Quando scrivo che stiamo sdoganando troppi comportamenti violenti e che sempre più bambini e adolescenti stanno diventando “normalmente” violenti, intendo proprio questo. A me tutto questo preoccupa perché ci troviamo ragazzi che non percepiscono la gravità delle loro azioni, mossi anche da adulti che legittimano troppi comportamenti. Così i comportamenti violenti saranno all’ordine del giorno. Così i comportamenti violenti incrementeranno. Così avremo un grosso problema da gestire. Ci sono già troppi bambini che a partire dai primi anni delle scuole primarie pensano sia divertente isolare, prendere in giro, strattonare qualche altro compagnetto di scuola sentendosi nel giusto. Altri che rubano già dai 6 anni la merenda ai compagni più deboli, umiliandoli  e lasciandoli senza mangiare.

Non si può educare con la fretta: troppo spesso sento genitori che non hanno tempo e quindi per velocizzare non si soffermano a lavorare su specifici comportamenti inappropriati o sbagliati. In questo modo non si rendono conto che è come se li autorizzassero a metterli in atto. E man mano che crescono, ciò che era piccolo diventa più grande, ciò che era meno evidente diventa più evidente, ciò che era più superficiale diventa più radicato e profondo e più difficile da contenere e da trattare.

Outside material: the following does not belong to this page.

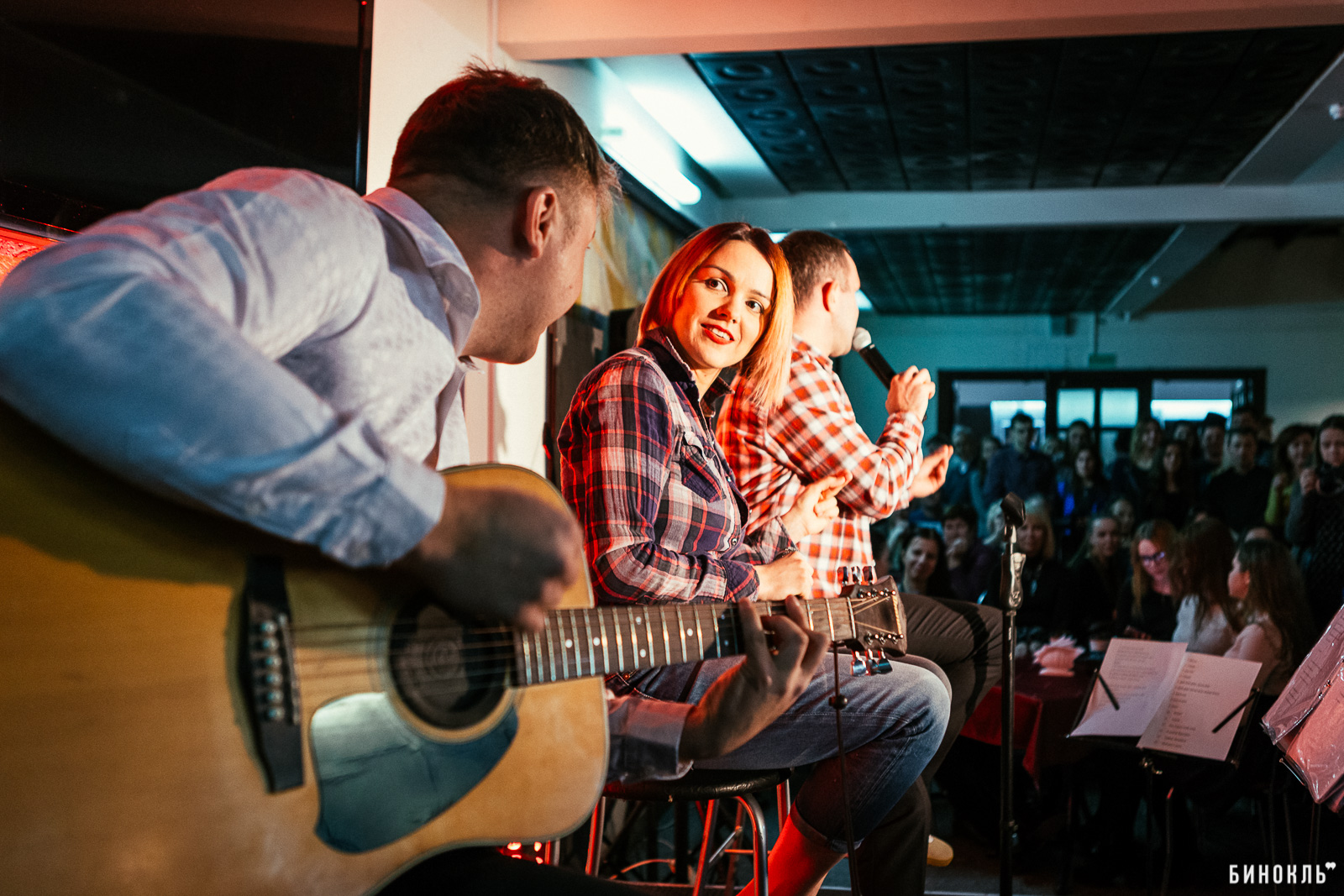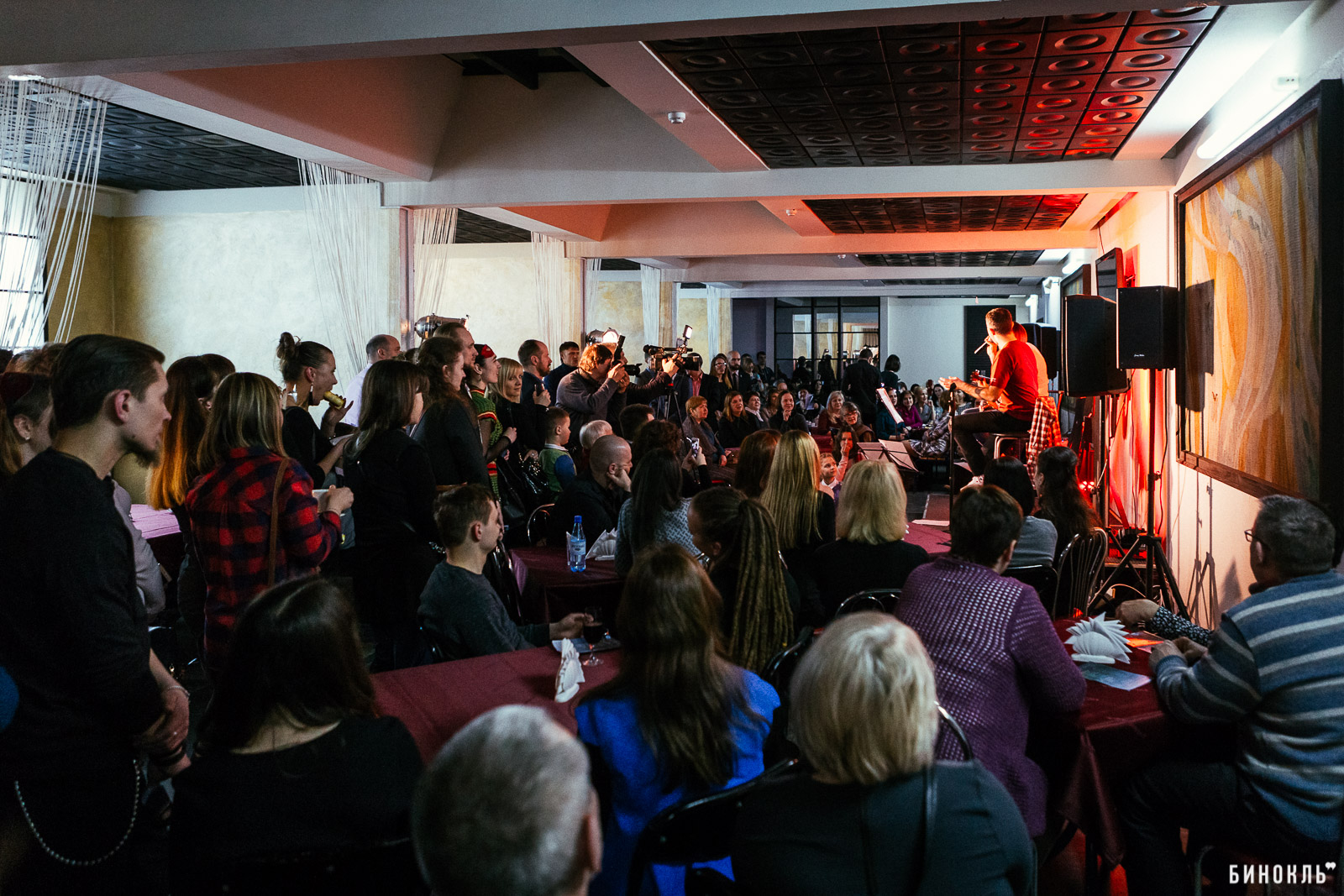 В репетиционном зале театра продолжалась встреча для тех, кто уже был готов надеть на себя новую личину: тренинг от режиссёра Дениса Фёдорова «Открой в себе актёра» стал центром притяжения творческих, готовых к экспериментам людей. Крикнуть в спину соседу так, чтобы он обратил на тебя внимание, или поздороваться друг с другом любой частью тела без стеснения: публика смело выполняла упражнения от своего гуру, направленные на развитие внимания, голосовых и пластических навыков.

Il senso dell’altro, che sia animale o essere umano, il senso delle cose, il rispetto per l’ambiente e per le persone sono alla base dell’educazione. Troppi bambini non rispettano ciò che hanno, non rispettano i genitori, non valorizzano niente. Non valorizzare significa non dare valore. È importante educarli facendogli capire che non esistono solo le loro esigenze, ma che ci sono anche dei limiti e che tutto non è dovuto, e soprattutto, che tutto non è lecito. Questo lo deve fare l’ambiente in senso lato che circonda il bambino, quell’ambiente che dovrebbe creargli un solido contenitore dentro il quale lui si può muovere. Ambiente intesto come rete sociale che in troppi casi ha carenze se non buchi enormi.

Di frequente ci interroghiamo su quali motivazioni spingano i più giovani a comportarsi in un determinato modo, ci domandiamo come possano utilizzare la violenza per gioco, per divertimento, o non accorgersi che le loro azioni abbiano delle conseguenze anche gravi sugli altri; ancora troppi episodi di violenza quotidiana vengono bollati dagli adulti come semplici «bambinate» o «ragazzate». Se vogliamo curare le patologie dei figli, dobbiamo prima curare i genitori. Negli ultimi anni i disturbi psicopatologici di bambini e adolescenti si stanno aggravando in termini di intensità e di diffusione. Se nessuno insegna ai giovani come affrontare le difficoltà, se gli adulti cercano di vivere la vita al posto loro o danno per scontato la loro felicità, questi rischiano di perdere l’equilibrio in partenza. Molti non comprendono come l’aggressività possa esplodere fin dalla più giovane età; per farlo bisogna aver chiaro che la violenza, spesso, è nascosta dietro un’apparente normalità”. Dal mio ultimo libro Leggimi nel pensiero, edito da Mondadori.

Cosa fare?

È importante che i bambini frequentino spazi di aggregazione dove esistano delle regole sociali da rispettare. È fondamentale nella crescita di un bambino anche l’interazione con gli animali. Aiuta a riconoscere l’altro, i suoi bisogni e le sue esigenze, il fatto che qualcuno abbia bisogno di cure e quindi aiuta a sviluppare l’empatia. Se non è possibile tenere un animale in casa si possono portare i bambini in alcuni spazi specifici o iscriverli a delle associazioni che lavorano con gli animali, portarli a un canile per prendersi cura di qualche cane. Sono attività che aiutano a capire tanti aspetti fondamentali, anche formandoli a conoscere meglio il mondo animale. Se imparano il rispetto per se stessi e per la natura, lo riproporranno anche nelle relazioni che instaureranno.